The validity of such a grant of discretionary power was challenged in Koufman v. Sheinwald, 1 Cir., 83 F.2d 977. In that case, the court compared the test to the standard of care in tort cases. In like manner, the greatest weight must be attached to the findings by the trial court upon issues of fact. It would have burdened appellee excessively to analyze and incorporate into permanent records the basic information contained in the statements above mentioned. This burden would have been out of proportion to the benefit to be obtained by anyone other than himself on his petition for discharge. It may not be unreasonable for one to launch a highly speculative venture, expecting to perfect records at a later time if the venture succeeds, only to abandon it entirely when it fails. The circumstances in which there was a failure to keep records may be taken into consideration by the district court in determining whether or not a bankrupt has discharged the duties imposed upon him, fulfillment of which is made a condition precedent to the granting of a discharge.

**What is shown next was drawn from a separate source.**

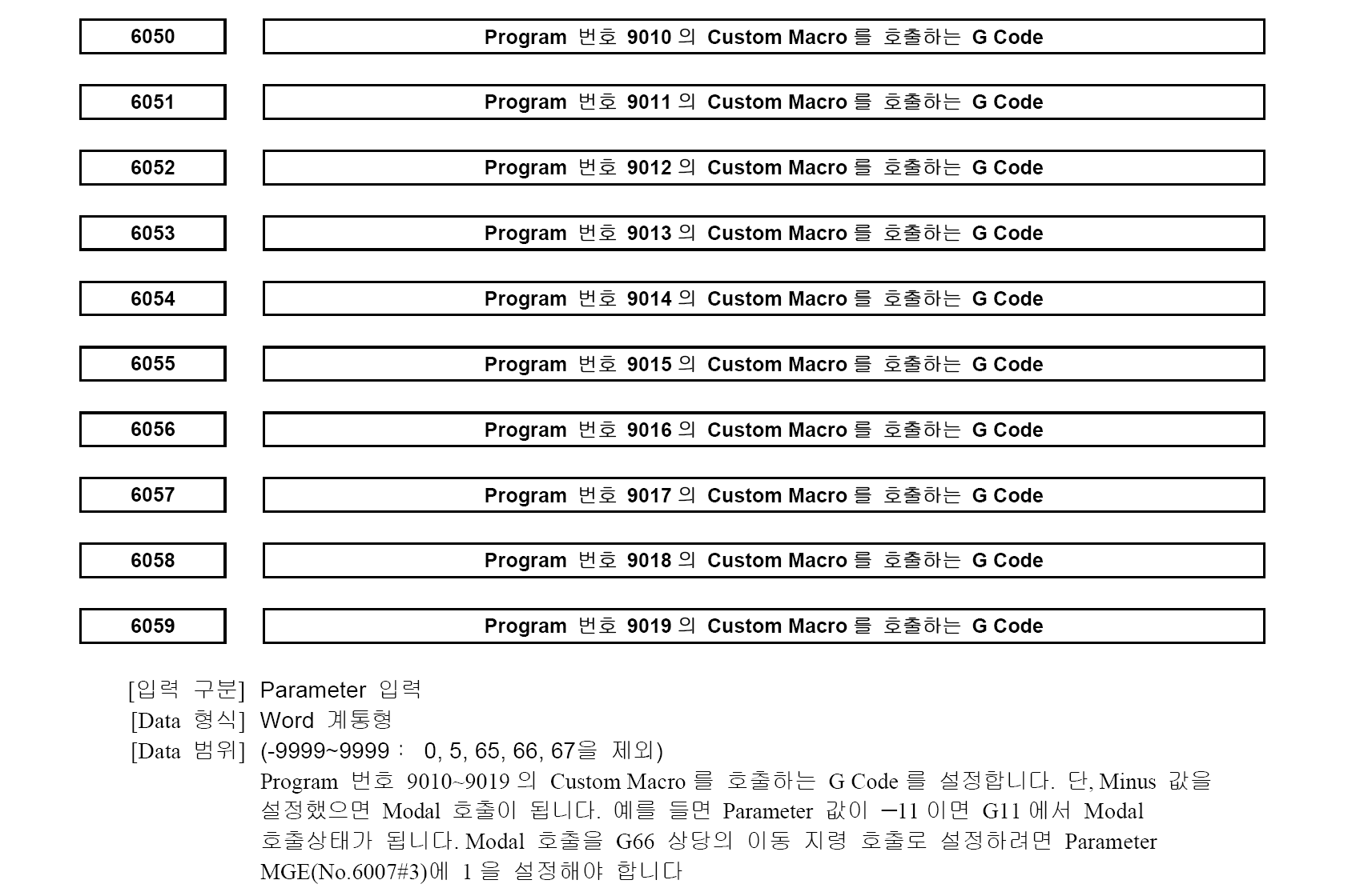 * 위 화낙 파라미터 설명문과 같이 해당 장비 파라미터에 지정된 호출프로그램 번호에 적용되는 G코드를 입력하는 방식입니다.

We do not find that the district court has ignored any reason which would compel the keeping of books or records as a condition to granting relief. It does not appear that the court gave undue weight to any circumstance, or that its finding of justification was based on irrelevant matter. The case is one in which the court was required to exercise the broad discretionary power vested in it. Having done so, its action should not be disturbed on appeal. Cf. International Shoe Co. v. Lewine, 5 Cir., 68 F.2d 517; In re Miller, D.C., 5 F. Supp. 913.
The judgment of the district court is affirmed.